• What you need to do
Return a faithful copy of all the entries, omitting the images.

[Opening Input section]

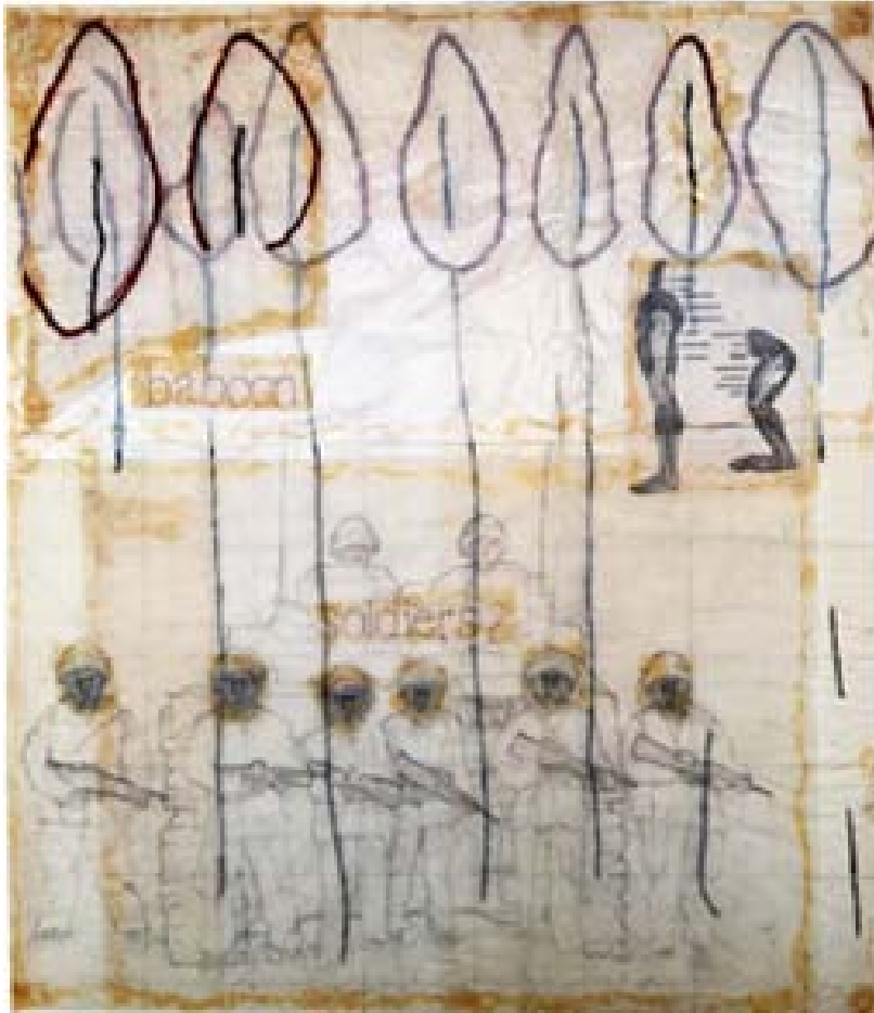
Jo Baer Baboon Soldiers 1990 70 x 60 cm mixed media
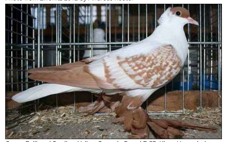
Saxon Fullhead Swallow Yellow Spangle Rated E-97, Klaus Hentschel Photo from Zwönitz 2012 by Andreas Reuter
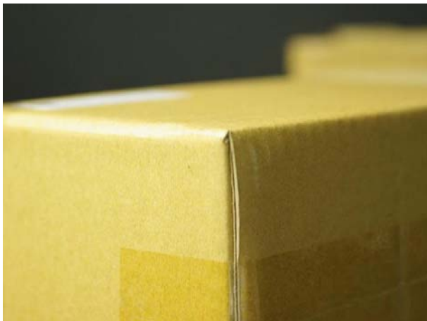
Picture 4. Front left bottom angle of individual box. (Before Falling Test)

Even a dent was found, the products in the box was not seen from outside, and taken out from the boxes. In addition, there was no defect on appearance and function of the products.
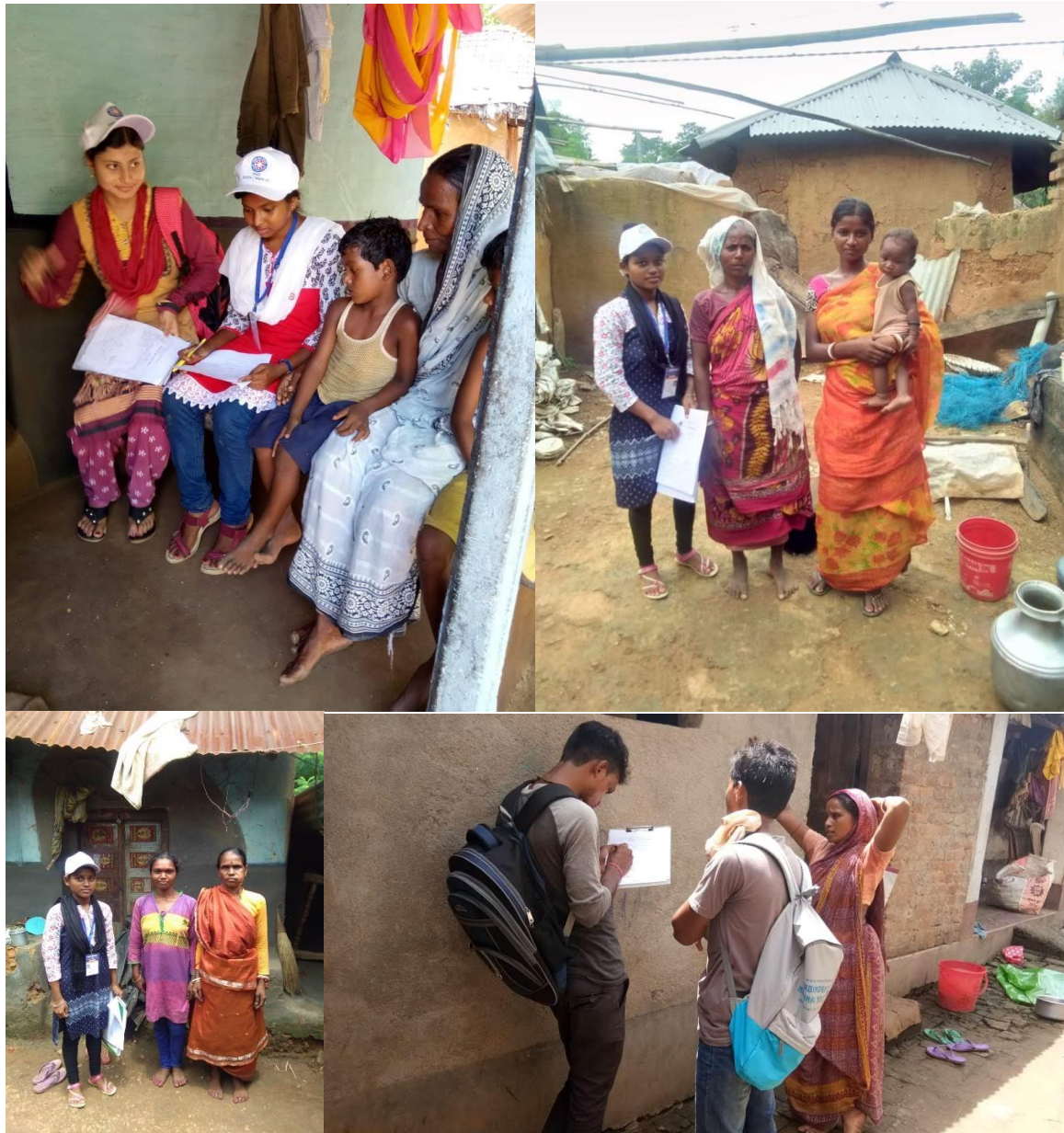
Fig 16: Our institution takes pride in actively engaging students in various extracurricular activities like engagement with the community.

[Closing Input section]

• Exercise result
Jo Baer Baboon Soldiers 1990 70 x 60 cm mixed media
Saxon Fullhead Swallow Yellow Spangle Rated E-97, Klaus Hentschel Photo from Zwönitz 2012 by Andreas Reuter
Picture 4. Front left bottom angle of individual box. (Before Falling Test)

Even a dent was found, the products in the box was not seen from outside, and taken out from the boxes. In addition, there was no defect on appearance and function of the products.
Fig 16: Our institution takes pride in actively engaging students in various extracurricular activities like engagement with the community.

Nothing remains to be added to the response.